> [About this task]: Starting with the first line of the data below, copy each line up to and including the one containing "Quest Nutrition Double". Pictures stay out.
Information shown Start Marker
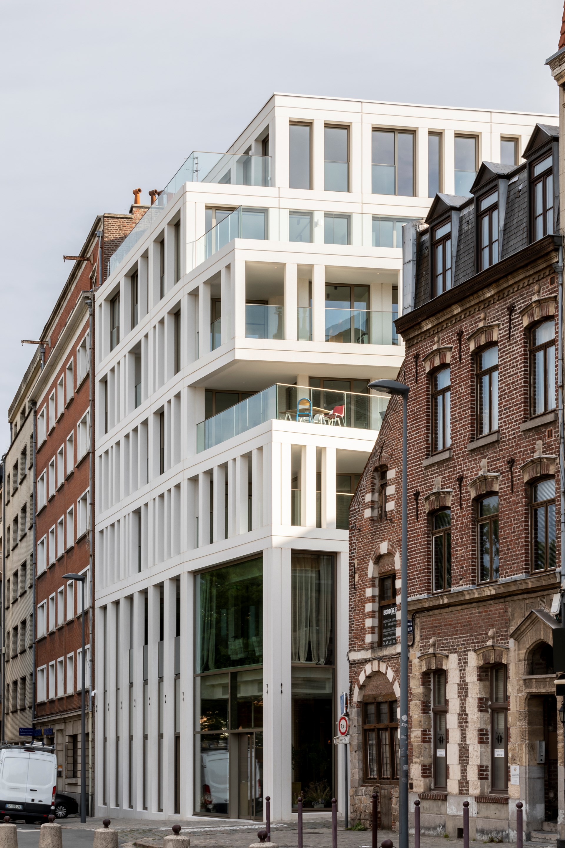 Deze beginproposities leidden tot een wit, strak gebouw met speelse façade met zes bouwlagen. De gevel heeft zijn karaktervolle uitstraling te danken aan de skeletstructuur, die door zijn verschillende hoogtes en getrapte volumes bij elke kijkrichting een andere dimensie lijkt te krijgen. Met de witte kleur kozen de architecten voor een gebouw dat zich mooi inpast in de omgeving, maar niet overschaduwd wordt door het patrimonium uit de buurt. Het cascade-effect is ook een antwoord op de complexe stedenbouwkundige eisen. Bovendien leidt de speelse volumetrie ertoe dat het gebouw een mooie sluitsteen vormt voor de huizenrij, door in beide straten mooi op de aanpalende gebouwen aan te sluiten. ‘Peuple Belge’ structureert de hoek van de straat met een lichte vormentaal, die tegelijk massa en materialiteit uitstraalt. Als materiaal werd daarbij gekozen voor wit architectonisch beton.
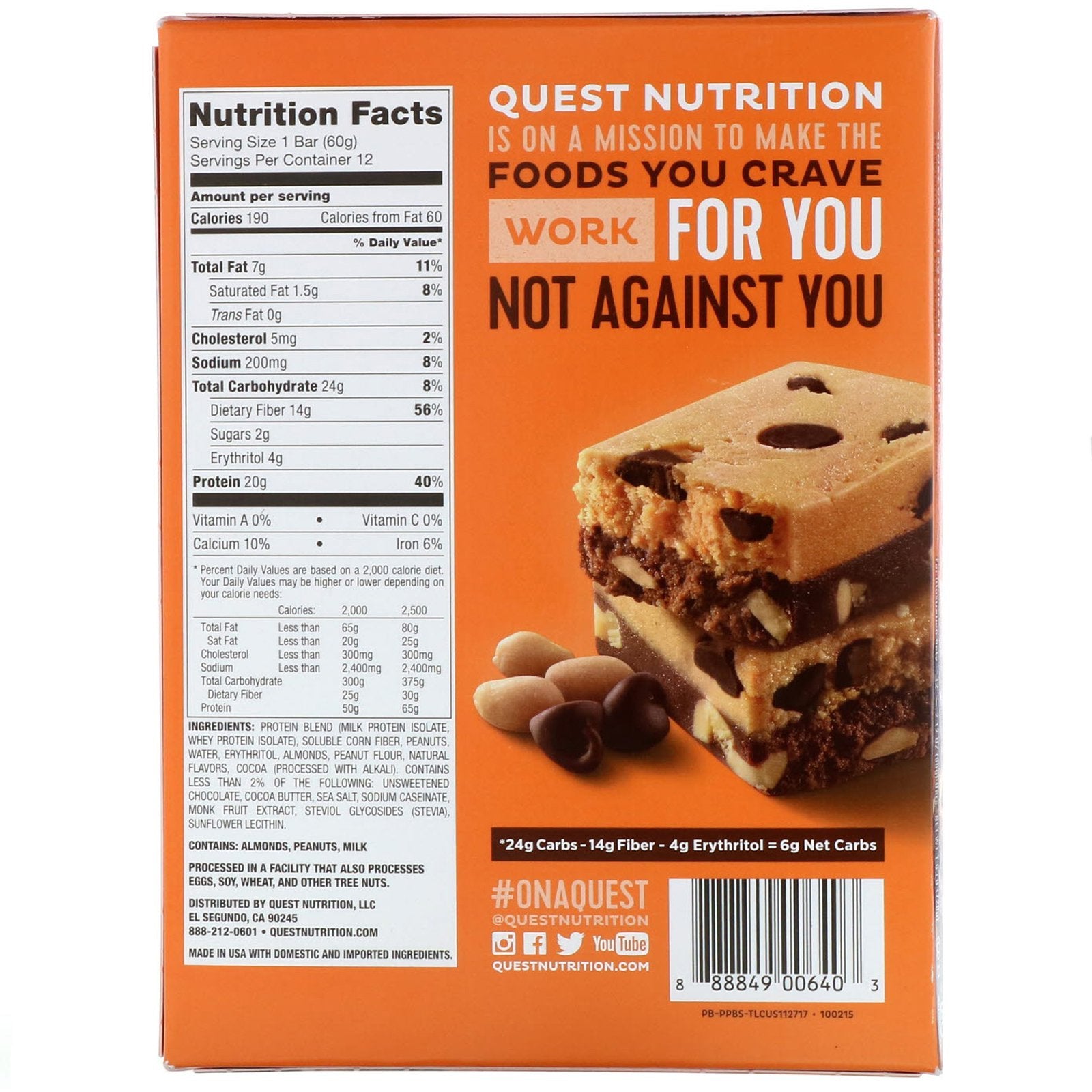 Quest Nutrition Double Layered Protein Bar Peanut Butter Brownie Smash 12 Bars 2.12 oz (60g) Each
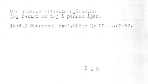 //// Min älskade lillaste hjärtevän jag fattar nu tag i pennan igen, //// 16:4/? Svenssons saml.häfte Nr 20. s.60-62. //// ÅBO //// Jf ////
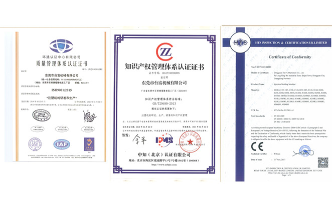 公司成立至今,榮獲了多項證書,其中包括《中國注塑機十大品牌》、《廣東省信得過單位》等一些榮譽,提為國家高新技術企業,及多項專利。
Information shown End Marker
> [Finished exercise]:
 Deze beginproposities leidden tot een wit, strak gebouw met speelse façade met zes bouwlagen. De gevel heeft zijn karaktervolle uitstraling te danken aan de skeletstructuur, die door zijn verschillende hoogtes en getrapte volumes bij elke kijkrichting een andere dimensie lijkt te krijgen. Met de witte kleur kozen de architecten voor een gebouw dat zich mooi inpast in de omgeving, maar niet overschaduwd wordt door het patrimonium uit de buurt. Het cascade-effect is ook een antwoord op de complexe stedenbouwkundige eisen. Bovendien leidt de speelse volumetrie ertoe dat het gebouw een mooie sluitsteen vormt voor de huizenrij, door in beide straten mooi op de aanpalende gebouwen aan te sluiten. ‘Peuple Belge’ structureert de hoek van de straat met een lichte vormentaal, die tegelijk massa en materialiteit uitstraalt. Als materiaal werd daarbij gekozen voor wit architectonisch beton.
 Quest Nutrition Double Layered Protein Bar Peanut Butter Brownie Smash 12 Bars 2.12 oz (60g) Each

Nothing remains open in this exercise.